The financial statements included herein have been prepared, without audit, pursuant to the rules and regulations of the Securities and Exchange Commission. Certain information and disclosures included in financial statements prepared in accordance with accounting principles generally accepted in the United States of America (“GAAP”) have been omitted pursuant to such rules and regulations. These consolidated financial statements should be read in conjunction with the financial statements and notes thereto included in the Company’s Annual Report filed on Form 10-K for the year ended December 31, 2009. The consolidated balance sheet as of December 31, 2009 was derived from the audited financial statements for the year then ended.

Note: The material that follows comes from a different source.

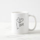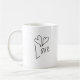 Simple handwritten word, "Love" with hearts in black and white. Customizable background color.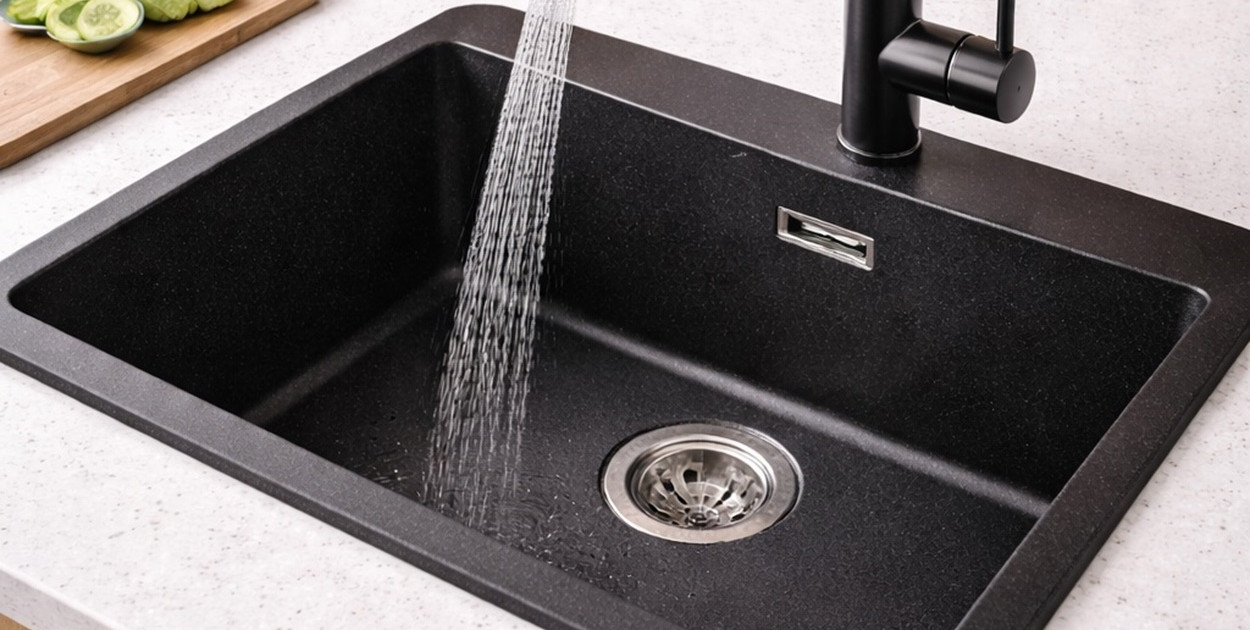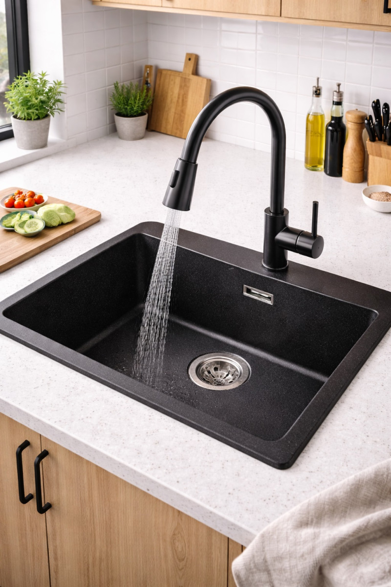 Czarny zlewozmywak granitowy jednokomorowy to wybór dla osób, które chcą mocnego akcentu aranżacyjnego.

In the opinion of the Company, all adjustments necessary to present fairly the financial position of the Company and the results of its operations and its cash flows have been included in the accompanying financial statements. The results of operations for interim periods are not necessarily indicative of the expected results for the full year.
We recommend that you read the unaudited consolidated financial statements included herein in conjunction with the audited consolidated financial statements and notes thereto included in our Annual Report on Form 10-K for the fiscal year ended December 31, 2009, filed with the SEC on April 15, 2010. The consolidated financial statements contained therein included restatements of previously reported financial statements and related disclosures for the years ended December 31, 2008, 2007 and 2006, as well as the quarterly financial statements for the periods ended June 30, 2006 through September 30, 2009. All financial information contained herein related to such prior restated quarterly periods are “as restated”.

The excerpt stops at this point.